Il répondait ainsi à une lettre du président catalan qui lui faisait part de son souhait de "dialoguer pour les deux prochains mois", tout en s'abstenant de préciser noir sur blanc, comme Madrid l'exige, si sa région avait ou non proclamé l'indépendance. Le chef de l'exécutif catalan a laissé aussi planer le doute sur l'objet de ce dialogue, évoquant "le souhait du peuple catalan" de "commencer son chemin en tant que pays indépendant". Bien que la société catalane soit profondément divisée, Carles Puigdemont estime avoir un "mandat" pour faire sécession en s'appuyant sur le référendum d'autodétermination du 1er octobre, qui a été boycotté par l'opposition.

Un risque de suspension de l'autonomie de la Catalogne

S'il persiste, le gouvernement central pourrait suspendre totalement ou partiellement de l'autonomie de la Catalogne, du jamais vu en Espagne depuis la dictature de Francisco Franco (1939-1975). Beaucoup craignent cependant qu'une telle mesure n'entraîne des troubles en Catalogne, une région de 7,5 millions d'habitants très attachée à sa langue et à sa culture. Le chef du gouvernement espagnol continue pour sa part à refuser tout dialogue tant que les séparatistes ne lèveront pas leur menace de proclamer unilatéralement l'indépendance.

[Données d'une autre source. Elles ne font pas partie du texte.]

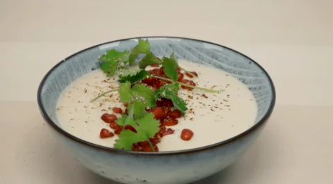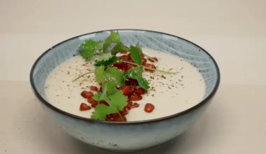 Krem z kalafiora z tahini i granatem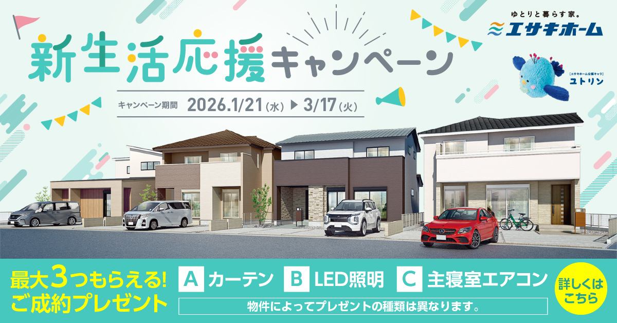 3/17(火)までに対象物件をご成約いただき、3/31(火)までにお引渡しが可能な方に「カーテン」「LED照明」「主寝室エアコン」から最大3つもらえるご成約特典をプレゼントします!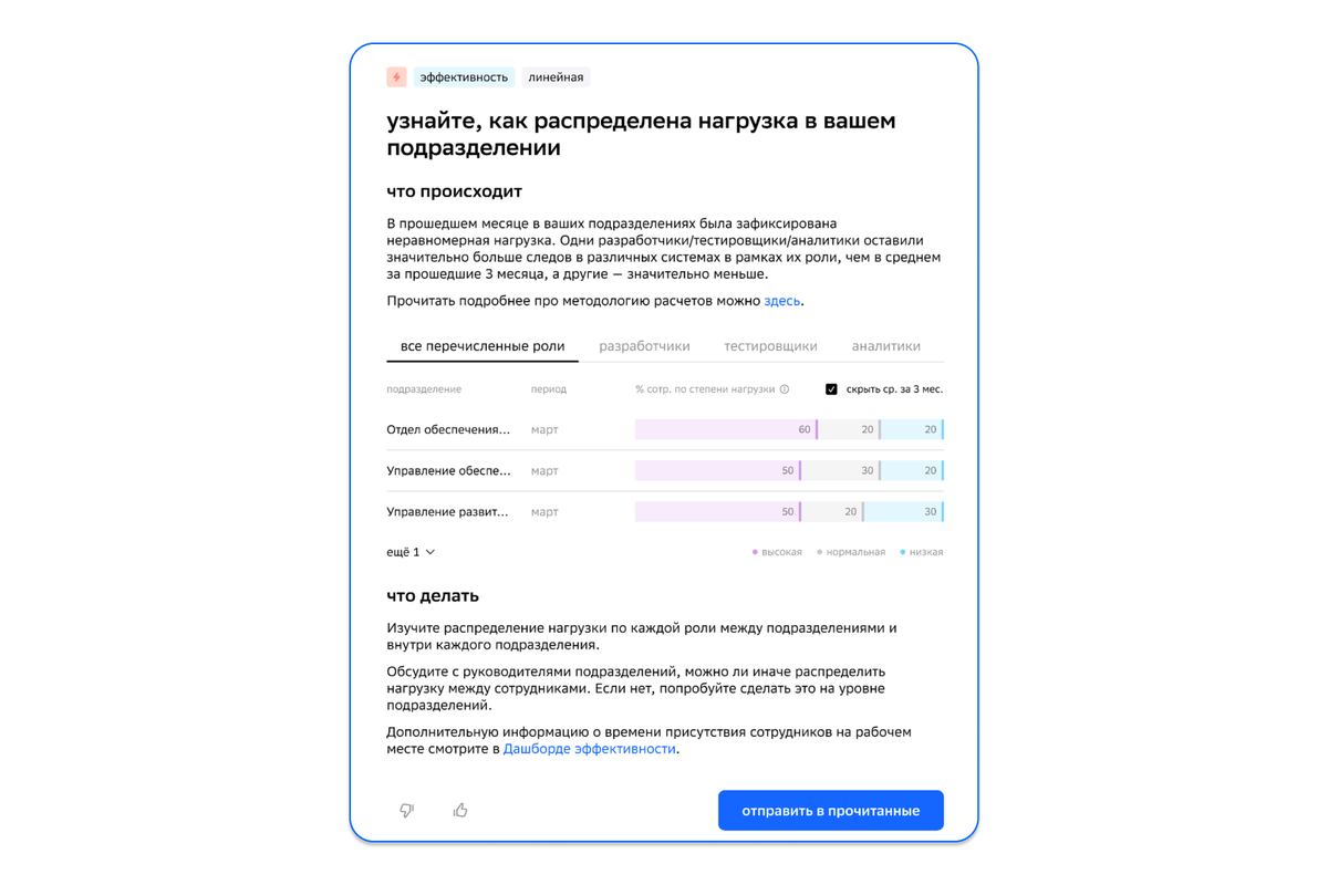 Пример инсайта по эффективности команды на HR-платформе «Пульс», основанного на синтетических данных, приближенных к реальности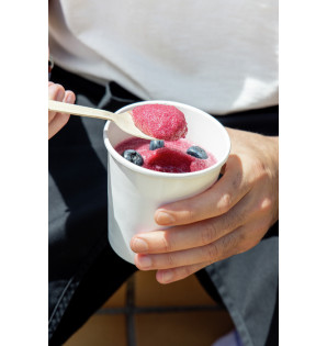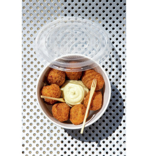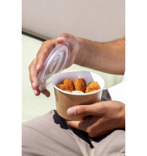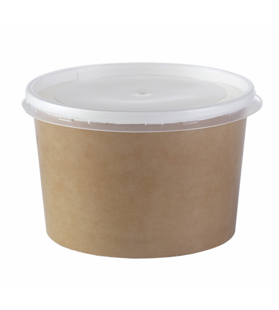 Hot-liquid and grease-resistant cardboard/PE takeaway jar with microwaveable PP lid. Designed for hot filling (liquid up to 100°C) and serving within the hour.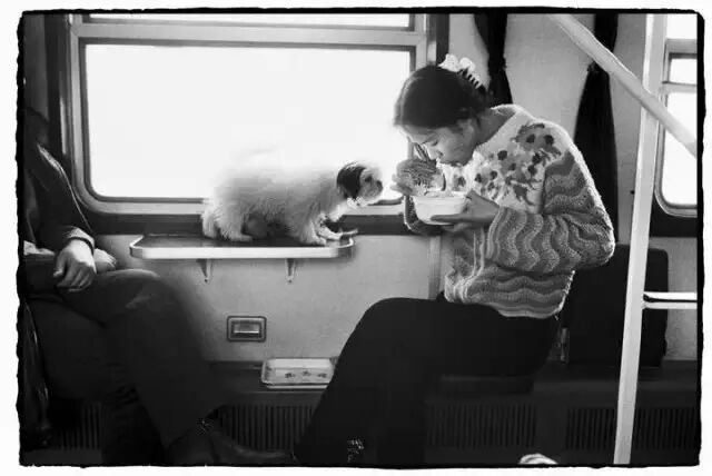 1995年,从齐齐哈尔开往北京的列车上,在宠物狗旁吃方便面的女青年。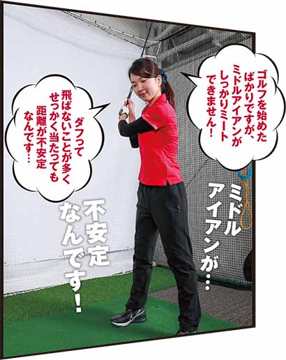 加藤さんのお悩み「ゴルフを始めたばかりですが、ミドルアイアンがしっかりミートできません! ダフって飛ばないことが多くせっかく当たっても距離が不安定なんです……」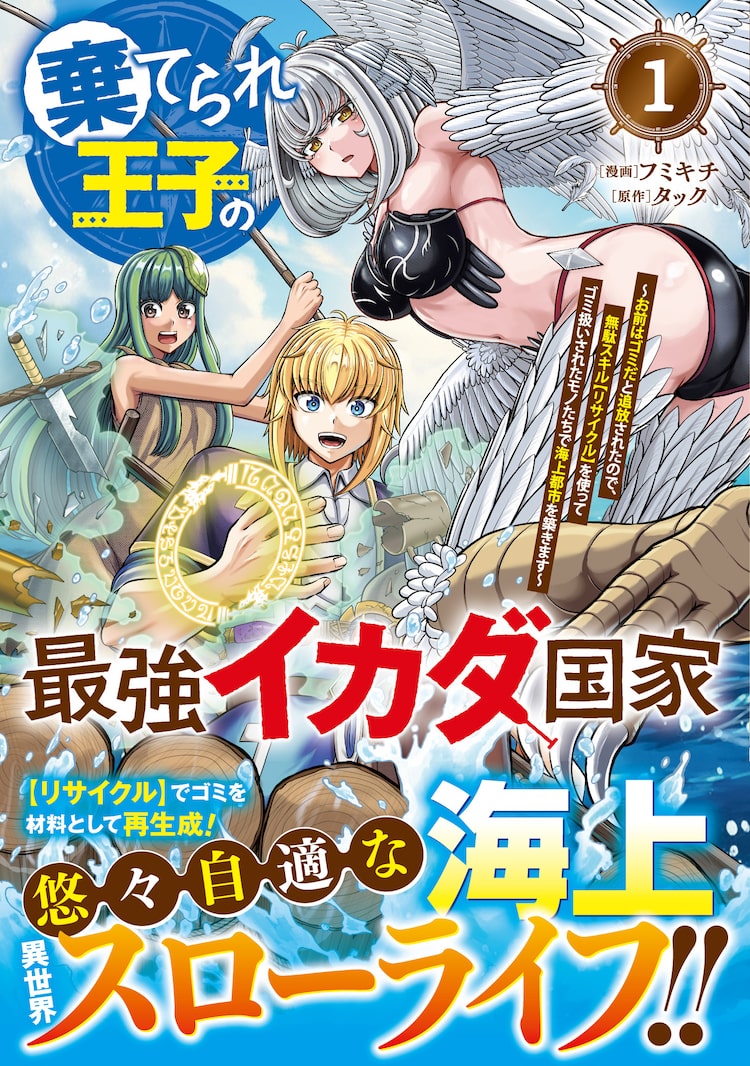 フミキチ「棄てられ王子の最強イカダ国家 ~お前はゴミだと追放されたので、無駄スキル【リサイクル】を使ってゴミ扱いされたモノたちで海上都市を築きます~」1巻が、本日12月5日にコアミックスから発売された。タックの小説を原作としたコミカライズ作品だ。

Il ne veut pas entendre parler de médiation, et les Etats membres de l'Union européenne non plus, pour ne pas ouvrir la boîte de Pandore des sécessions sur le continent. Les milieux d'affaires ont également appelé Carles Puigdemont à faire marche arrière, des centaines d'entreprises ayant d'ores et déjà fui la région, qui compte pour 19% du PIB espagnol. Le gouvernement espagnol a d'ailleurs annoncé lundi soir qu'il révisait à la baisse sa prévision de croissance pour 2018, à 2,3%, contre 2,6%, en raison principalement de l'"incertitude" liée à la crise en Catalogne, dans un document envoyé lundi à Bruxelles. Mais le président séparatiste fait aussi l'objet de pressions dans son propre camp, où les plus radicaux l'encouragent à aller de l'avant et à proclamer la naissance de la "République de Catalogne". D'autres manifestations sont prévues mardi, tout au long de la journée.